Smith v. Beltran, 166 Ill. App. 3d 411 (1988)

Feb. 5, 1988 · Illinois Appellate Court · No. 86-2809
166 Ill. App. 3d 411

HARRY LEE SMITH, Plaintiff-Appellant, v. N. BELTRAN et al., Defendants (Holy Family Hospital, Defendant-Appellee).

First District (5th Division)

No. 86-2809

Opinion filed February 5, 1988.

Rehearing denied July 18, 1988.

Constantine N. Dranias, of Idarius, Dramas & Associates, of Chicago, for appellant.

French, Rogers, Kezelis & Kominiarek, P.C., of Chicago (Dorothy F. French and Michael R. Webber, of counsel), for appellee.

JUSTICE MURRAY

delivered the opinion of the court:

This is an appeal by plaintiff, Harry Lee Smith, from a September 9, 1986, order of the trial court denying his motion to vacate an April *41230, 1986, order dismissing defendant, Holy Family Hospital, as a party from a malpractice suit involving that hospital and other parties. Plaintiff’s appeal concerns the propriety of the dismissal order. The undisputed facts are as follows.

On August 16, 1984, plaintiff filed suit alleging negligence arising out of medical treatment he had received for his left eye on August 16, 1982. The suit named Holy Family Hospital and others, not involved in this appeal, as defendants. An alias summons was first placed for service on defendant Holy Family Hospital on April 3,

1985, and was actually served on the first attempt on April 15. Defendant first appeared on June 13, 1985, and, after requesting additional time to answer or otherwise plead, was granted an extension to August 12. Also on June 13, defendant filed interrogatories, a notice to produce, and a notice for plaintiff’s deposition.
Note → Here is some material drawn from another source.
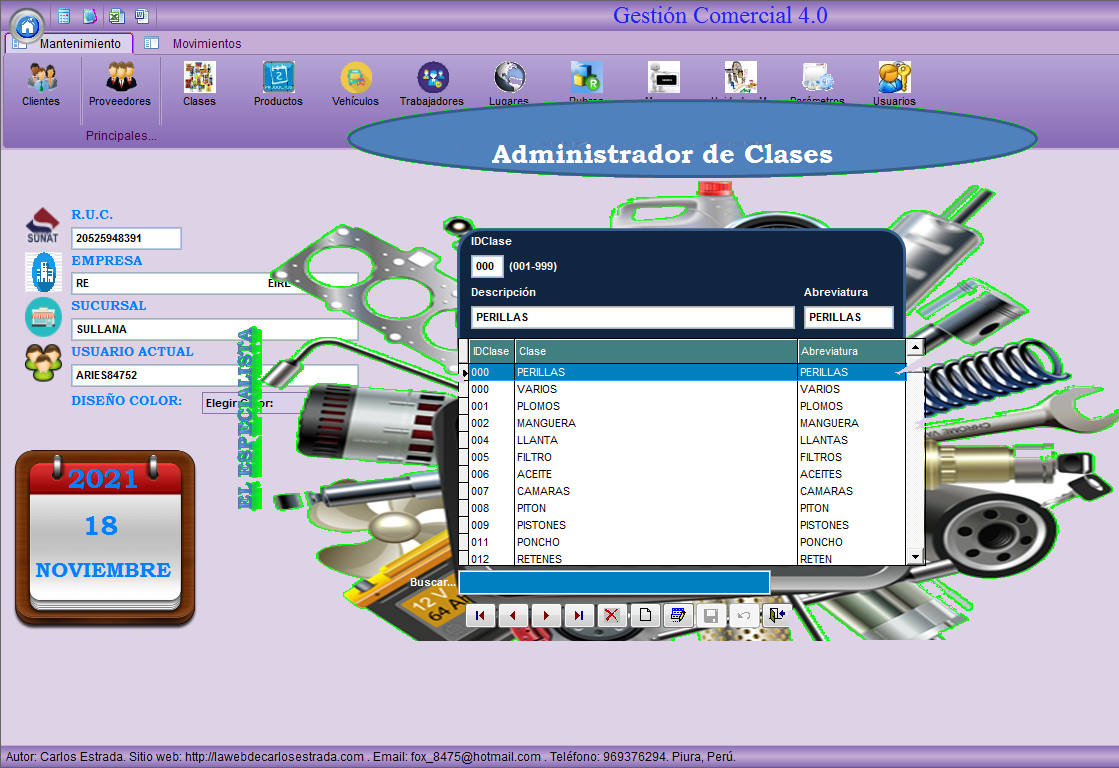 especialmente para satisfacer plena y sencillamente los requerimientos de las tiendas de repuestos automotrices, permite llevar un control de : Stock, Ventas y Compras al contado y al crédito, Clientes, Proveedores, Cuentas por cobrar, Cuentas por pagar, Guías de remisión, Transferencias entre almacenes, Actualización de precios, Cotizaciones, y mucho mas.

Two weeks later, on June 26, defendant served on all parties its motion to dismiss with prejudice for plaintiff’s failure to exercise due diligence in obtaining service pursuant to Supreme Court Rule 103(b). 107 Ill. 2d R. 103(b).
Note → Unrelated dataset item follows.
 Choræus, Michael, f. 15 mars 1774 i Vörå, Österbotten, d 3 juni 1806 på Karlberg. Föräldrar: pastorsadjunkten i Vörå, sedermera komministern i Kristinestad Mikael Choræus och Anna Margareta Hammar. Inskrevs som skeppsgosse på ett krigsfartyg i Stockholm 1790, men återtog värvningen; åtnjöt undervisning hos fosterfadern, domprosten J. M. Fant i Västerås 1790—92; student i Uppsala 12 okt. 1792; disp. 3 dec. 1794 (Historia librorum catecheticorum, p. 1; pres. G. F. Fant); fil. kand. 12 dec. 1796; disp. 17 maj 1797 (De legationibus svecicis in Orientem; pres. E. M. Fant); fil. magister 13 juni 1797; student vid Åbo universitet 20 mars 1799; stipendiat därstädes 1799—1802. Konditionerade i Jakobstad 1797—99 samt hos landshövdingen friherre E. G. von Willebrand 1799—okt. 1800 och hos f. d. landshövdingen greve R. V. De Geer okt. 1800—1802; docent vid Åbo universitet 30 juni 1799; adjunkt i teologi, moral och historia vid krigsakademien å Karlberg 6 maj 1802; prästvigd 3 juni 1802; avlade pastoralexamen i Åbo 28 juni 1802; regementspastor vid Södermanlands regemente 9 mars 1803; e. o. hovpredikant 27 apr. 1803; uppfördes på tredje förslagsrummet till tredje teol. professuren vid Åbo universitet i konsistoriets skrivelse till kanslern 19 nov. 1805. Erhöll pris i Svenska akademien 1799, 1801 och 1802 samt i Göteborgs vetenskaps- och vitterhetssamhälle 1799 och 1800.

The motion was set for hearing on August 13, 1985, at which time it was filed with the court. At this time, plaintiff filed his response to the notice to produce and answers to interrogatories. Hearing was held on defendant’s motion to dismiss on April 30, 1986. In granting the motion, the trial court specifically found that plaintiff had not exercised due diligence and that defendant had not waived dismissal through participation in discovery. The order was made final and appealable pursuant to Supreme Court Rule 304(a). (107 Ill. 2d R. 304(a).) Subsequent to entry of the final order, on May 30, plaintiff moved to vacate the dismissal order. The court denied plaintiff’s motion on September 9, 1986, and this appeal was filed on October 9, 1986.
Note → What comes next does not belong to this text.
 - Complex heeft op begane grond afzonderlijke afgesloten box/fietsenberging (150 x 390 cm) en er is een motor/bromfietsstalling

Also pending before this court is Holy Family Hospital’s motion to dismiss plaintiff’s appeal pursuant to Supreme Court Rule 304(a) (107 Ill. 2d R. 304(a)) as interpreted in the recent supreme court decision in Elg v. Whittington (1987), 119 Ill. 2d 344. The court in Elg held that in multiparty causes of action, the time within which to appeal from a final order relating to fewer than all of the parties or claims begins to run from the entry of the final order; time for appeal is not tolled while a post-trial motion is pending. In the present case, other defendants were still parties to the suit when Holy Family Hospital was dismissed from the cause by a final order. The other defendants were subsequently voluntarily dismissed without prejudice on September 9.

*413Plaintiff’s post-trial motion to vacate was timely filed, but his appeal of the underlying order was filed more than five months after entry of the final order. The pending motion to vacate did not toll the time to appeal. Keeping in mind the maxim that the issue of subject matter jurisdiction may be raised at any time (In re Marriage of Bussey (1984), 128 Ill. App. 3d 730, 471 N.E.2d 563, aff’d (1985), 108 Ill. 2d 286, 483 N.E.2d 1229), it is clear that this court does not have jurisdiction to consider the merits of plaintiff’s untimely appeal. Accordingly, defendant’s motion to dismiss on jurisdictional grounds is granted.

Dismissed.

LORENZ, P.J., and SULLIVAN, J., concur.